3. Using Environment Variables

export AWS_ACCESS_KEY_ID=your_access_key
export AWS_SECRET_ACCESS_KEY=your_secret_key
export AWS_DEFAULT_REGION=your_region

Usage Examples

1. Initialize TokenEstimator & Launch Dashboard

When you initialize TokenEstimator, it will automatically attempt to launch the Newberry Metrics dashboard as a background process if it's not already running. The dashboard URL (typically http://localhost:8501) and its Process ID (PID) will be printed to your console.

from newberry_metrics import TokenEstimator
import json # For printing examples

# Initialize with your model ID and AWS region
model_id = "anthropic.claude-3-haiku-20240307-v1:0"
region = "us-east-1" # Specify your AWS region

# Optional: Define alert thresholds
cost_alert_threshold = 0.05  # Alert if total session cost exceeds $0.05
latency_alert_threshold_ms = 2000 # Alert if any single call takes > 2000ms

estimator = TokenEstimator(
    model_id=model_id,
    region=region,
    cost_threshold=cost_alert_threshold,      # Optional
    latency_threshold_ms=latency_alert_threshold_ms # Optional
)

# The dashboard should now be running in the background.
# Check your console for the URL and PID.
# Open the URL in your browser to see live metrics as you make calls.
# The dashboard will continue running even if this script finishes.

2. Get Model Pricing

Retrieve the cost per million tokens for the initialized model.

costs = estimator.get_model_cost_per_million()
print(f"Input cost per million tokens: ${costs['input']}")
print(f"Output cost per million tokens: ${costs['output']}")

3. Making API Calls & Tracking Metrics

Use the get_response method to make calls to the Bedrock model. This method automatically tracks metrics (cost, latency, token counts), updates the session JSON file, and checks for alerts. The dashboard will reflect these updates upon refresh.

prompt = "Explain the concept of Large Language Models in simple terms."
max_tokens_to_generate = 150

response_data = estimator.get_response(prompt=prompt, max_tokens=max_tokens_to_generate)

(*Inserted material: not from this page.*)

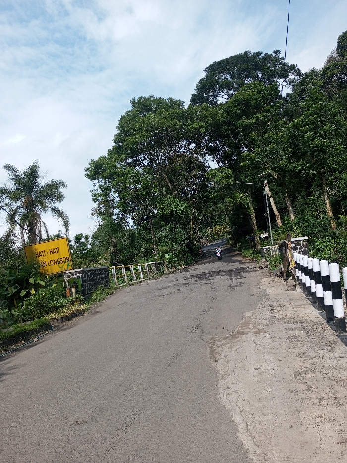 A paved asphalt road, displaying minor surface cracking and wear, ascends and curves to the right through a densely vegetated mountainous or rural area in Sandamal Eliya, Sri Lanka. The sky above is partly cloudy. On the left side of the road, a prominent rectangular yellow sign with black text reads "HATI-HATI RAWAN LONGSORI," partially obscured by a variety of green plants and a tall palm tree. A low stone wall with white metal railings lines the left edge of the road. On the right side, a concrete shoulder exhibits significant surface cracking and is bordered by a series of alternating black and white cylindrical bollards. Further along the right, a utility pole with an attached street light is visible, surrounded by tall, dense green trees forming a substantial canopy. A small white motorcycle is observed in the middle distance, moving uphill on the road, traveling away from the viewer. No pedestrians or other vehicles are distinctly visible.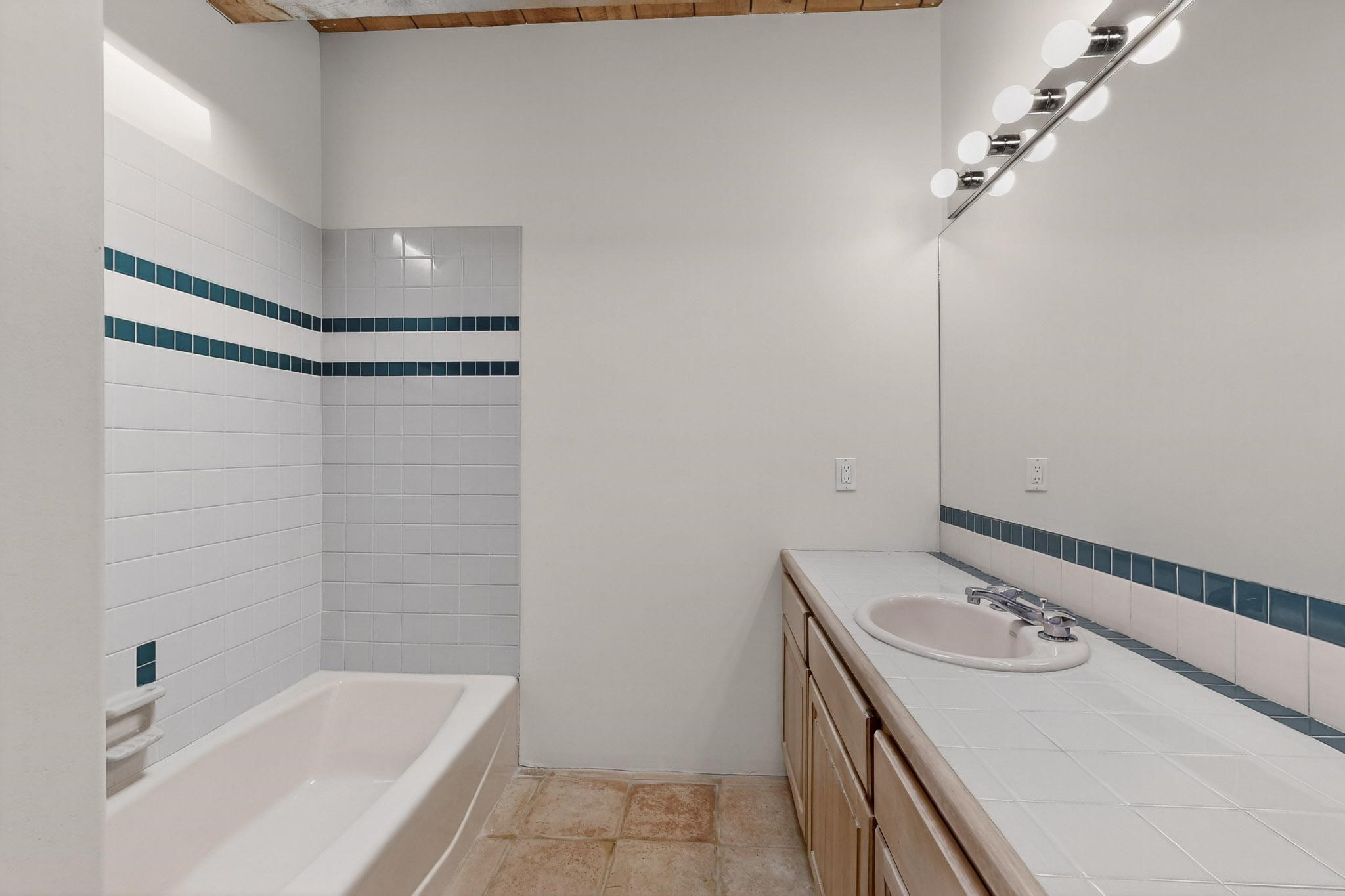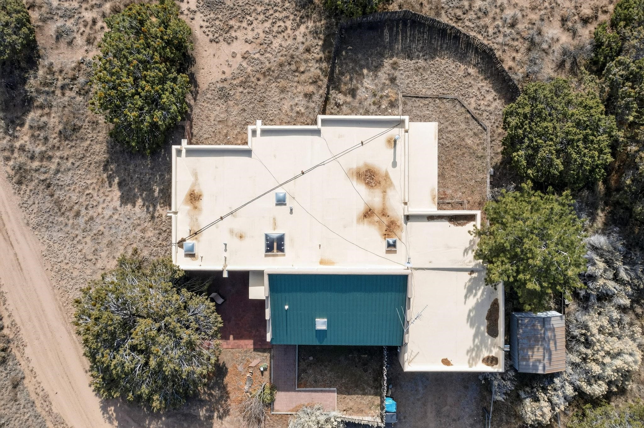 Located on an expansive Eldorado open space this is ideal for the night sky and naturalist enthusiast. Lovely traditional open plan, 1840sf passive solar design built by James Garton in 1990. The sunny split bedroom floorpan provides excellent separation for the main bedroom from the two guest bedrooms plus there is also a separate studio/den. Gleaming Santa Fe style saltillo tile and brick floors and beam ceilings throughout most rooms. Long south facing windows replaced in 2020, bring in the winter heat with overhangs adding shade in the summer.. A new TPO roof was installed in 2022. All appliances have been replaced in the last 5 years, and the hot water heater was replaced in 2020. There is a whole house filtering system, and a private front view brick patio added in 2021. here is an oversized 2 car garage plus plenty of guest parking. This home is accessed by paved roads and is within easy reach of Eldorado amenities, local shopping, schools, library and the senior center, only minutes into Santa Fe.

# The response_data contains details about the current call and the updated session totals.
print("\n--- API Call Response & Metrics ---")
print(f"Model's Answer (truncated): {response_data.get('answer', 'N/A')[:100]}...")

current_call = response_data.get('current_call_metrics', {})
print(f"\nMetrics for this Call:")
print(f"  Cost: ${current_call.get('cost', 0):.6f}")
print(f"  Latency: {current_call.get('latency', 0):.3f}s")
print(f"  Input Tokens: {current_call.get('input_tokens', 0)}")
print(f"  Output Tokens: {current_call.get('output_tokens', 0)}")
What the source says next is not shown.